Given a standard brownian motion $W_t$ and defining $\tau$ as:
$\tau :=\inf\{t\geq0:W_t=1$ or $W_t=-2\}$
The proof below shows that the stopping time is finite:
$$\begin{align*} P(\tau < t) &\geq P(|W_t|>2) \\ &= 1-P(|W_t| \leq 2)\\ &\geq1-4\frac{d}{dt}P(W_t \leq t)|_{t=0} \\ &=1-\frac{4}{\sqrt{2 \pi t}}\\ &\rightarrow 1 \qquad \text{as $t\rightarrow \infty$} \end{align*}$$
It's all staighforward except the line were the derivative is used:
$\geq1-4\frac{d}{dt}P(W_t \leq t)|_{t=0}$
How does this line relate to the line above?

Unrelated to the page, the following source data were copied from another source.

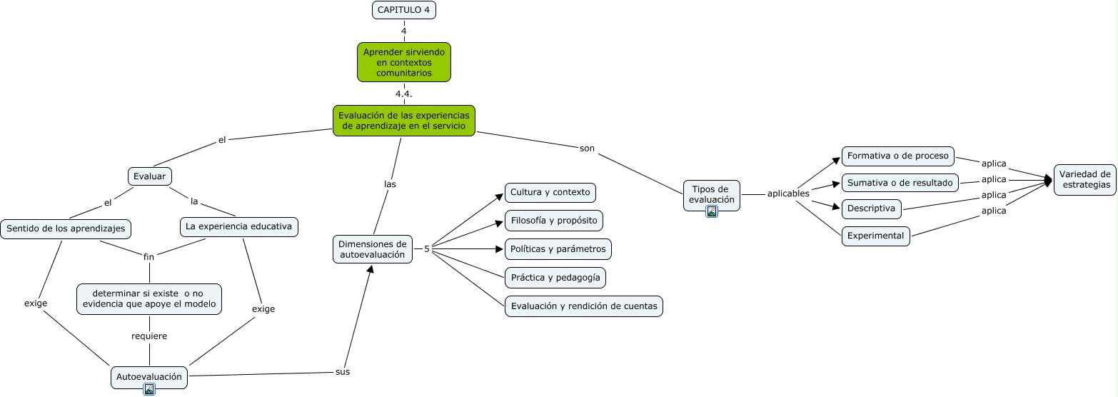 Este Cmap, tiene información relacionada con: 44, Evaluar el Sentido de los aprendizajes, Autoevaluación sus Dimensiones de autoevaluación, Evaluación de las experiencias de aprendizaje en el servicio son Tipos de evaluación, Dimensiones de autoevaluación 5 Cultura y contexto, Dimensiones de autoevaluación 5 Evaluación y rendición de cuentas, Sentido de los aprendizajes fin determinar si existe o no evidencia que apoye el modelo, La experiencia educativa fin determinar si existe o no evidencia que apoye el modelo, Formativa o de proceso aplica Variedad de estrategias, Descriptiva aplica Variedad de estrategias, Dimensiones de autoevaluación 5 Políticas y parámetros, La experiencia educativa exige Autoevaluación, Dimensiones de autoevaluación 5 Práctica y pedagogía, Tipos de evaluación aplicables Experimental, Evaluación de las experiencias de aprendizaje en el servicio las Dimensiones de autoevaluación, Dimensiones de autoevaluación 5 Filosofía y propósito, Evaluación de las experiencias de aprendizaje en el servicio el Evaluar, CAPITULO 4 4 Aprender sirviendo en contextos comunitarios, Tipos de evaluación aplicables Formativa o de proceso, Tipos de evaluación aplicables Sumativa o de resultado, determinar si existe o no evidencia que apoye el modelo requiere Autoevaluación
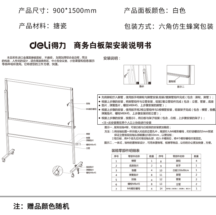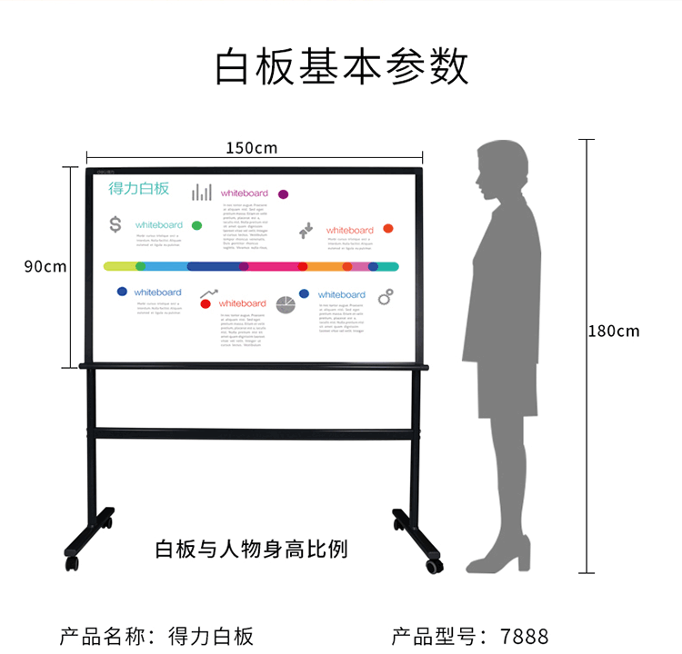 商品名称:得力7888商务白板1500*900(深灰)(块)
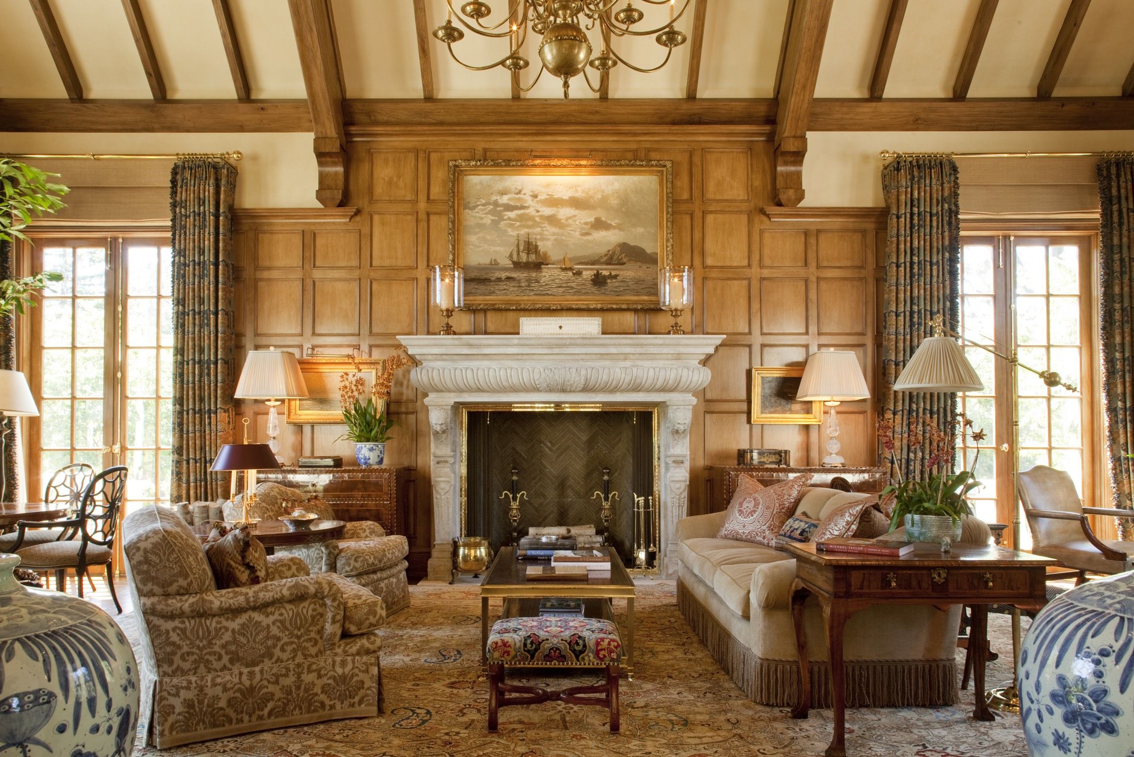 Гостиная с камином в стиле английского кантри, дизайнер Suzanne Kasler
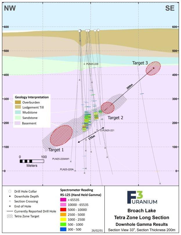 Das 3.000 m umfassende Diamantbohrprogramm wurde konzipiert, um das Ausmaß der Uranmineralisierung in der Zone Tetra weiter zu erproben, die zurzeit durch bedeutsame Abschnitte hervorgehoben wird, einschließlich PLN25-205, das 1,0 m mit 2,50 % U₃O₈ innerhalb eines breiteren Intervalls von 22,5 m mit durchschnittlich 0,26 % U₃O₈ ergab, und PLN25-219A, das eine Mineralisierung von 29,5 m durchteufte, einschließlich 27,5 m zusammenhängende Mineralisierung mit 2,30 m, die Werte von über 10.000 cps aufwiesen (siehe Pressemitteilung vom 10. November 2025). Das jüngste Herbstprogramm konnte die interpretierte Falllinie der Mineralisierung erfolgreich von 60 Metern auf 135 Meter verlängern. Die beiden westlichsten Bohrlöcher dieses Programms haben das Zielgebiet Interpretationen zufolge überschritten. Das Winterprogramm wird mit neigungsabwärts gerichteten und einfallenden Step-out-Bohrungen in diese Richtung beginnen, ehe man zur Erprobung der aufwärtsgerichteten Erweiterung übergeht, wo noch etwa 300 m einer vielversprechenden unbebohrten Scherzone in Richtung der Athabasca-Diskordanz vorhanden ist. Dieser Diskordanzbereich weist in den bisherigen Abschnitten eine vielversprechende Geologie und Geochemie mit Indikatorelementen auf.
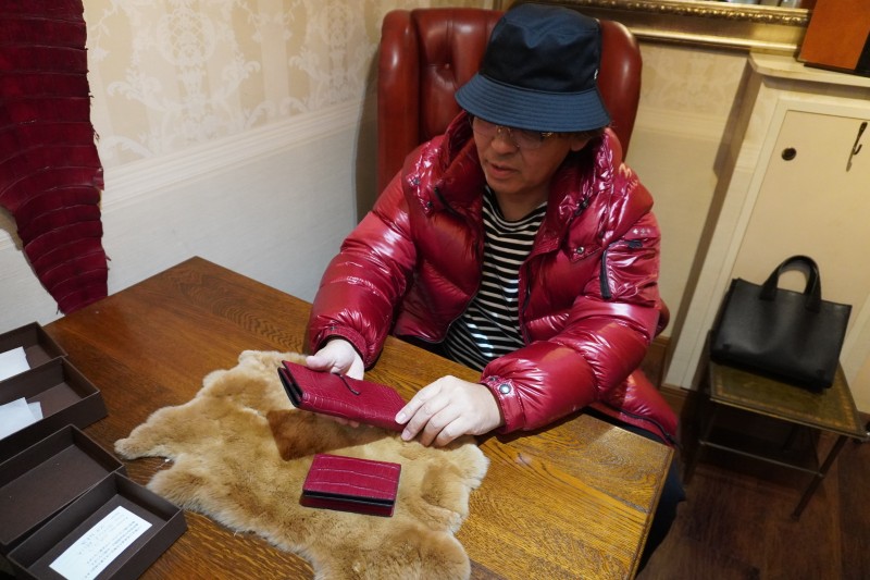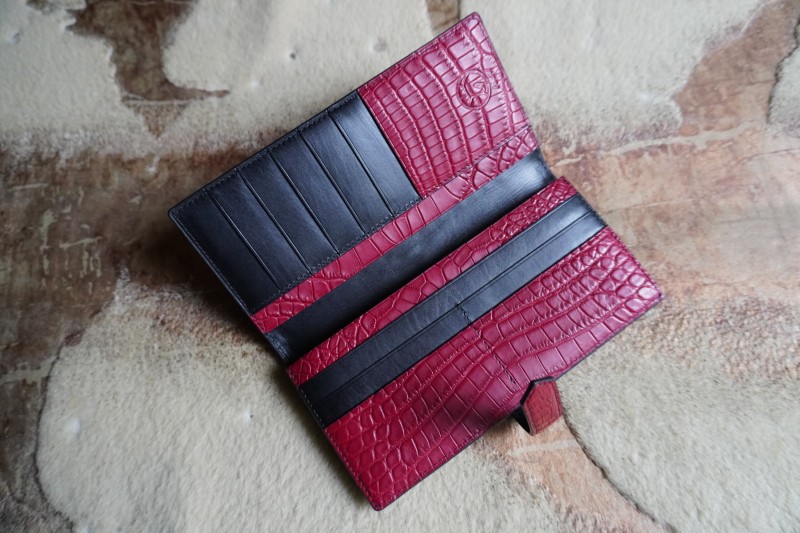 ご来店頂いた時にこのワインのクロコダイルを気に入って頂き、サイズも長財布には丁度のサイズで、クロコのクオリティーもとても綺麗な状態。 革屋さんで念のためもう一度、革を確認しましたが、やはりこのクロコの革が一番だったのでこのワイン色のクロコ革に決定。
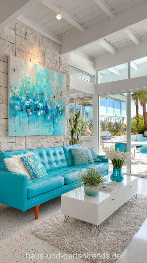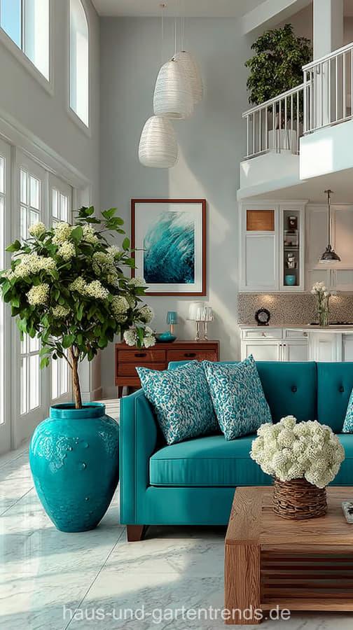 Ob türkise Sofas, Akzentwände, Kissen, Teppiche oder Deko-Highlights: Die Farbe lässt sich vielseitig kombinieren – besonders harmonisch mit Weiß, Beige, Sandtönen, Naturholz, Rattan und Leinen. So entsteht ein Wohnzimmer, das gleichzeitig entspannt, elegant und zeitlos wirkt.
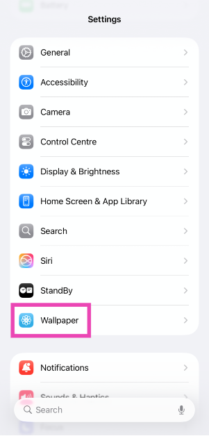 1. Adım:Gidip gelmekAyarlarve seçDuvar kağıdı. Ayrıca yapabilirsinizuzun presÖzelleştirmek için kilit ekranı.
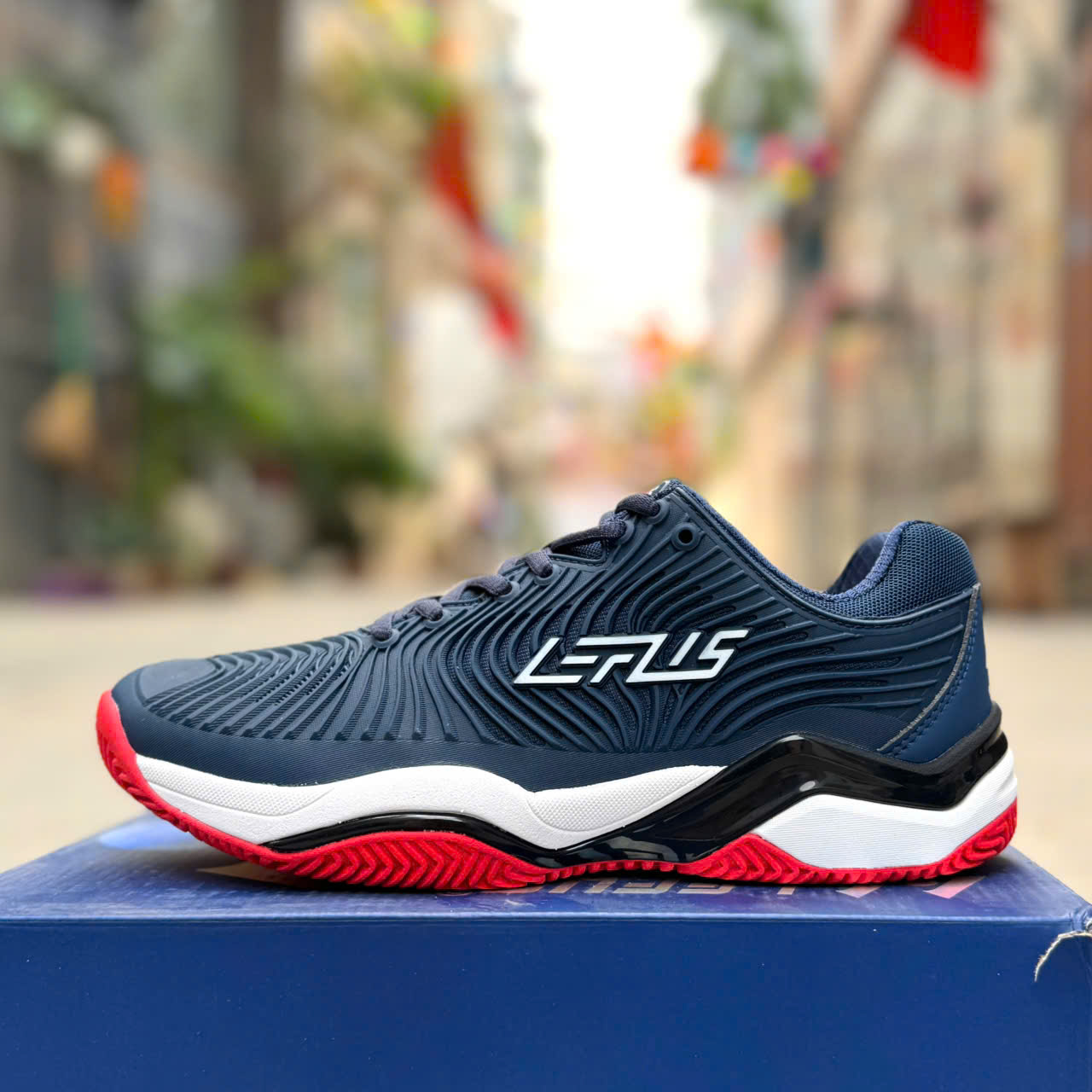 Thông tin chi tiết giày Pickleball Lefus L031 • Màu sắc: Đen Đỏ/ Xanh Cam/ Trắng Xanh • Thân giày/ Upper: Da PU, vải Mesh. • Đế giữa/ Midsole: EVA đàn hồi cao, TPU chống
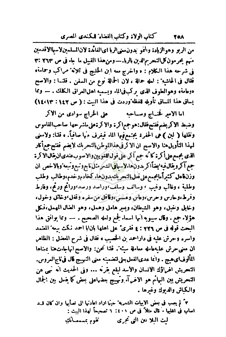 من الربو وهو الزيادة والنمو بدون معنى الربا أي الفائدة لأن المسلمين لا سيما الأقدمين منهم يحرمون كل التحريم الدين بالرباء. - ومن هذا القبيل ما جاء في ص 263: 3 في شرحه هذا الكلام: (واخرج معه ابن الخليج في ثلاثة مراكب وحمامة) فقال في الحاشية: لعله حمالة، لأن الحمالة نوع من السفن. قلنا: والأصح (وعامة) وهو الطوف الذي يركب في الماء ويسميه أهل العراق الكلك. - ومما يساق هذا المساق تأويله للفظة وردت في هذا البيت: (ص 142: 13، 14)
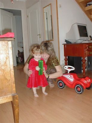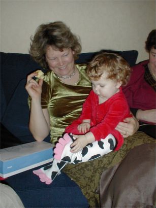 Rebecka och faster Annika, Rebecka provar faster Annikas nya sockor.
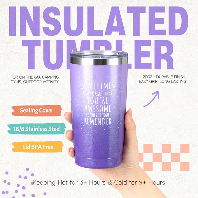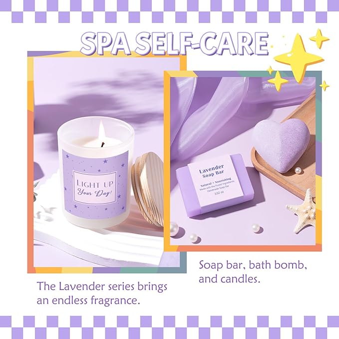 - 【THIS WILL BE A HIT】Suhctuptx makes gifting twice as fun! Inspired by warm lavender tones and a playful retro vibe, it’s designed to spread gratitude, joy, and positive energy—From the sparkling inspirational travel tumbler to relaxing spa gifts, every item is carefully selected to brighten her day. Whether you're saying “Happy Birthday,” “Thank You I Love You Mom,” “Long live friendship” or “Merry Christmas,” this vibrant and feel-better gift set is sure to stand out and make her smile.
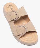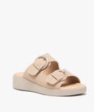Mules femme confort unies avec brides à boucle en suédine - Hobiz beige

As @NateEldredge has aleady pointed out, this particular line doesn't make sense and, moreover, the convergence
$$\mathbb{P}(|W_t| \leq 2) \xrightarrow[]{t \to \infty} 0$$
can be proved much easier using the scaling property.
However, here is a way to fix the proof: Obviously,
$$\mathbb{P}(|W_t| \leq 2) = \mathbb{P}(W_t \leq 2)-\mathbb{P}(W_t \leq -2) = \int_{-2}^2 \frac{d}{dx} \mathbb{P}(W_t \leq x) \, dx.$$
Using $W_t \sim N(0,t)$, we get
$$\mathbb{P}(|W_t| \leq 2) \leq \frac{4}{\sqrt{2\pi t}} \sup_{x \in [-2,2]} \exp(-x^2/2t) \leq \frac{4}{\sqrt{2\pi t}}.$$
This gives
$$\mathbb{P}(\tau<t) \geq 1- \mathbb{P}(|W_t| \leq 2) \geq 1- \frac{4}{\sqrt{2\pi t}}.$$